### Input material
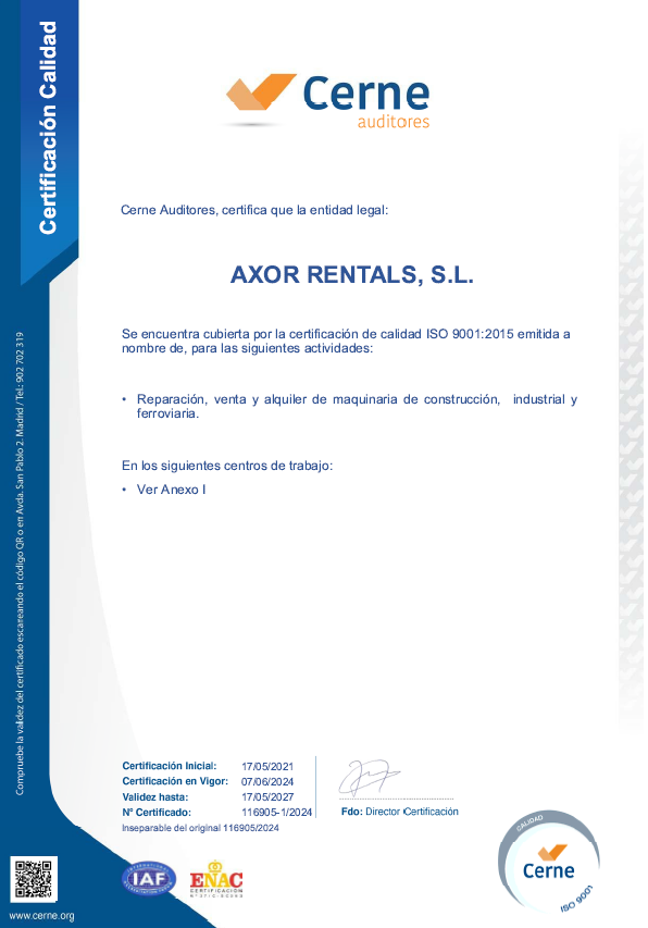 La calidad y la seguridad han sido desde siempre dos de los principales pilares que mueven a AXOR rentals. La calidad de nuestro servicio y la calidad de nuestras máquinas, la seguridad en el trabajo de nuestros/as trabajadores/as y la seguridad a la hora de emplear las máquinas y herramientas.
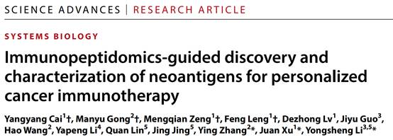 2025年5月21日,我院李永生教授团队整合14大常见癌型和29个正常组织的免疫肽组数据、识别近46万条HLA呈递的表位,成功构建了肿瘤-正常表位图谱,为优选用于个性化癌症免疫治疗的新抗原提供了新的视角。该成果以研究型论文《Immunopeptidomics-guided discovery and characterization of neoantigens for personalized cancer immunotherapy》发表于Science子刊《Science Advances》。
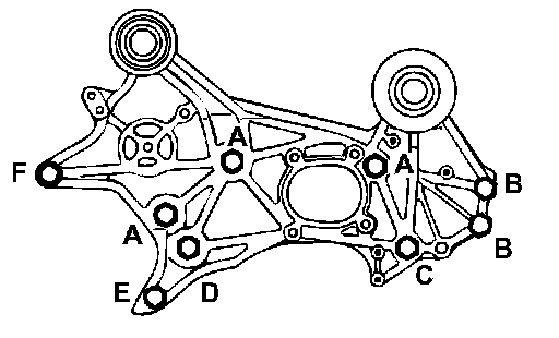 Install the bolts to the shown positions, and tighten them to the specified torque.
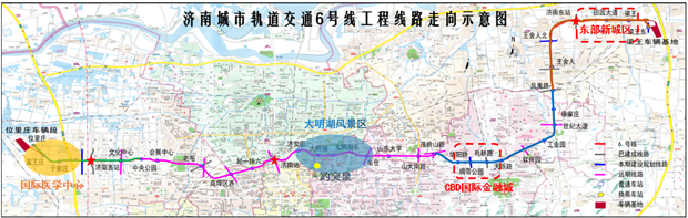濟南城市軌道交通6號線工程線路走向示意圖
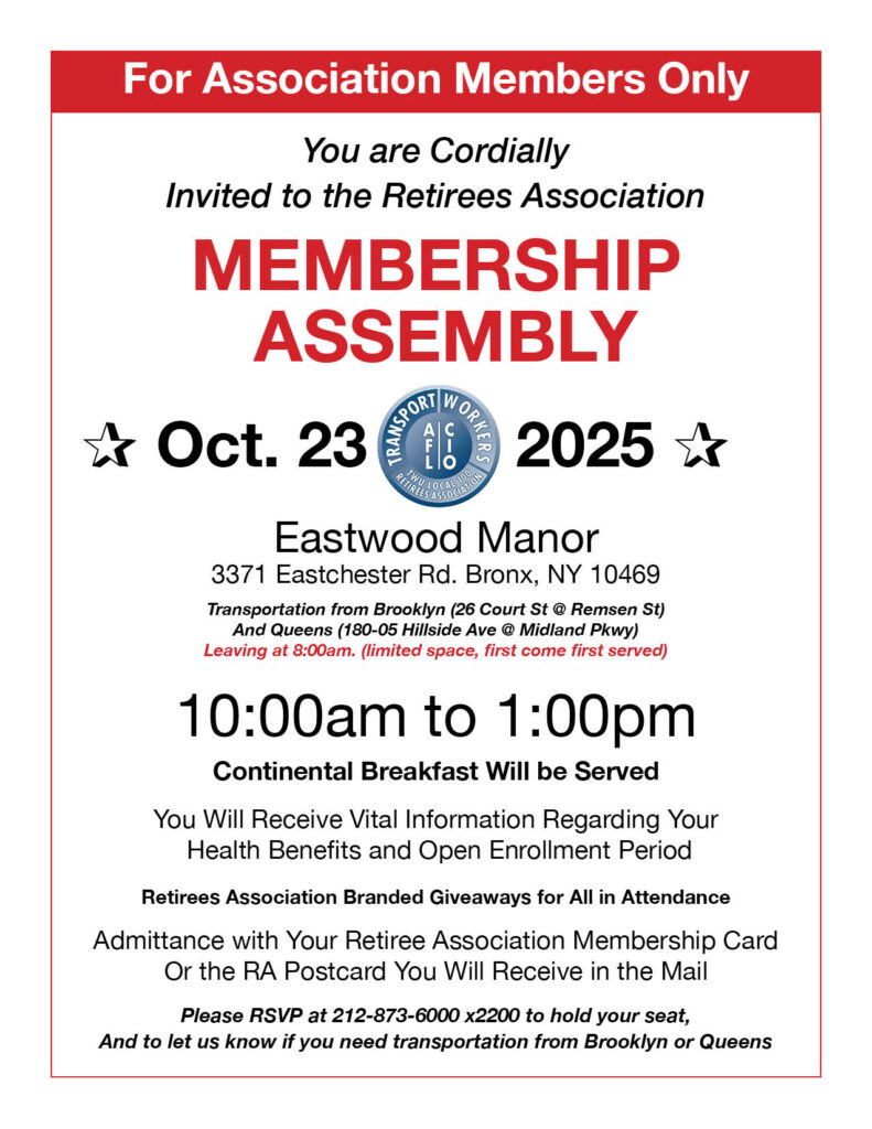 RA Annual Membership Assembly At the Eastwood Manor, Bronx, NY. Transportation available from Brooklyn and Queens + Add to Google Calendar + iCal / Outlook export Date Oct 23 2025 Time 10:00 am - 1:00 pm Share this event
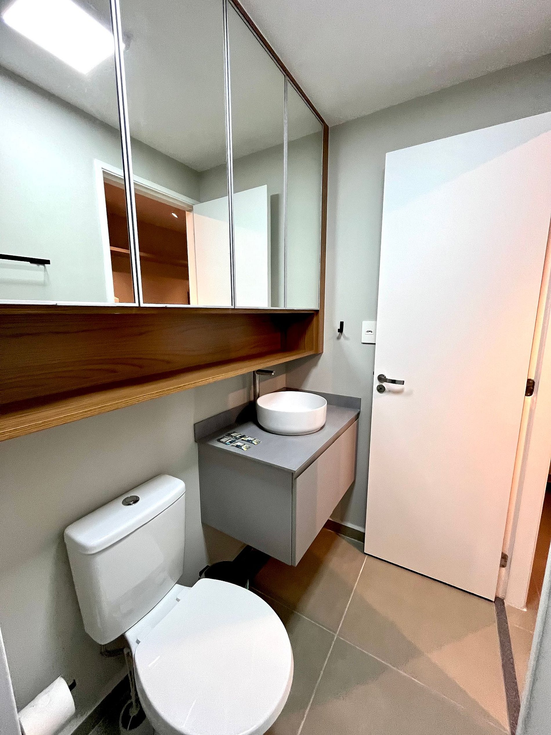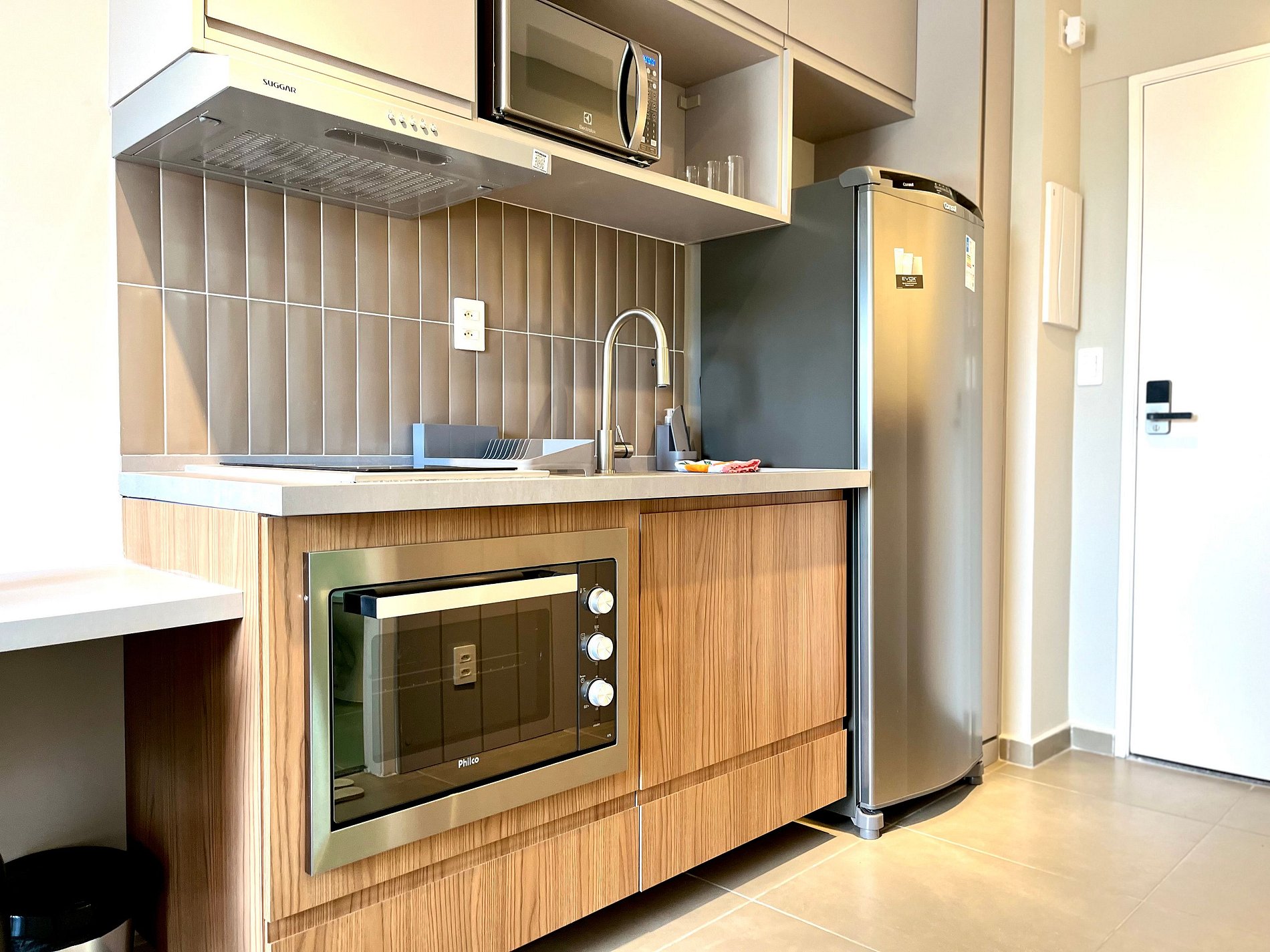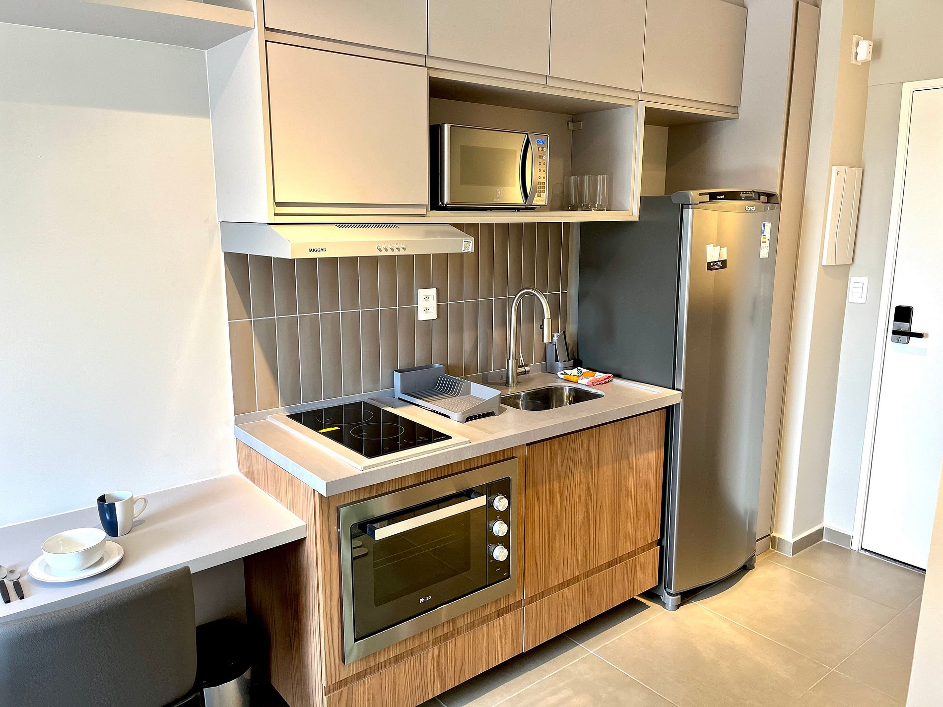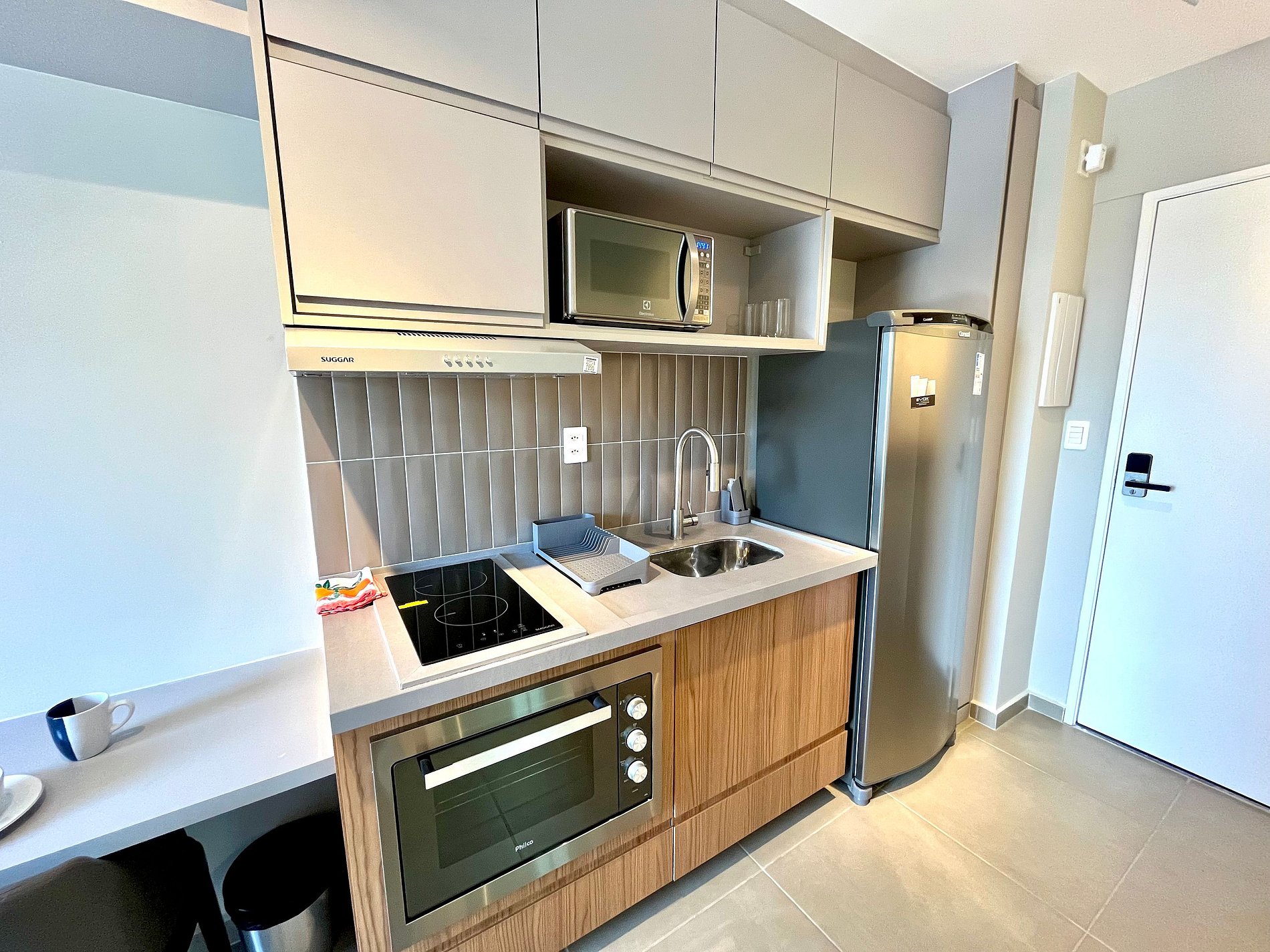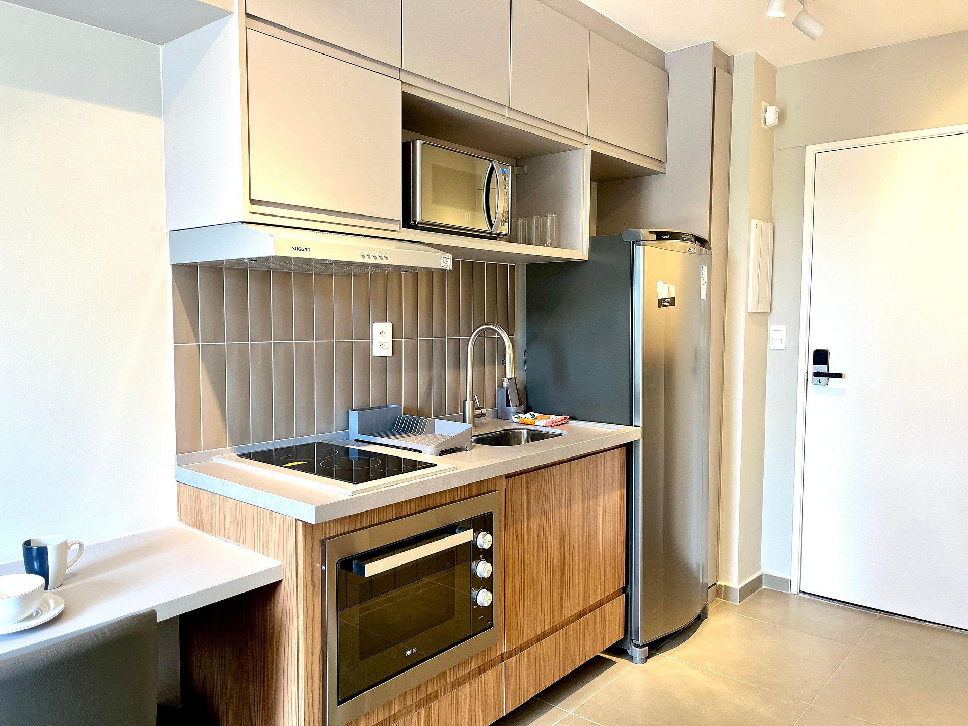 O acesso ao apartamento é feito de forma prática e segura através de uma fechadura inteligente.
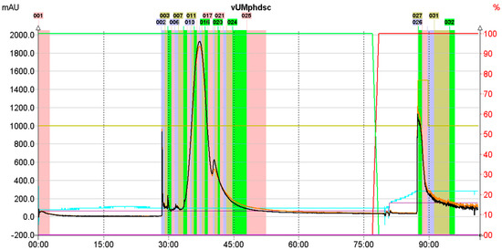 As a consequence, the optimized purification protocol resulted in the collection of magnoflorine from the eluate quickly—in the 35th minute, a purity of 91% directly from the crude extract was obtained (see Figure 3).

### Task to complete
Omit the pictures and give the material again, exactly and in full.

### Output of the exercise
 La calidad y la seguridad han sido desde siempre dos de los principales pilares que mueven a AXOR rentals. La calidad de nuestro servicio y la calidad de nuestras máquinas, la seguridad en el trabajo de nuestros/as trabajadores/as y la seguridad a la hora de emplear las máquinas y herramientas.
 2025年5月21日,我院李永生教授团队整合14大常见癌型和29个正常组织的免疫肽组数据、识别近46万条HLA呈递的表位,成功构建了肿瘤-正常表位图谱,为优选用于个性化癌症免疫治疗的新抗原提供了新的视角。该成果以研究型论文《Immunopeptidomics-guided discovery and characterization of neoantigens for personalized cancer immunotherapy》发表于Science子刊《Science Advances》。
 Install the bolts to the shown positions, and tighten them to the specified torque.
濟南城市軌道交通6號線工程線路走向示意圖
 RA Annual Membership Assembly At the Eastwood Manor, Bronx, NY. Transportation available from Brooklyn and Queens + Add to Google Calendar + iCal / Outlook export Date Oct 23 2025 Time 10:00 am - 1:00 pm Share this event
 O acesso ao apartamento é feito de forma prática e segura através de uma fechadura inteligente.
 As a consequence, the optimized purification protocol resulted in the collection of magnoflorine from the eluate quickly—in the 35th minute, a purity of 91% directly from the crude extract was obtained (see Figure 3).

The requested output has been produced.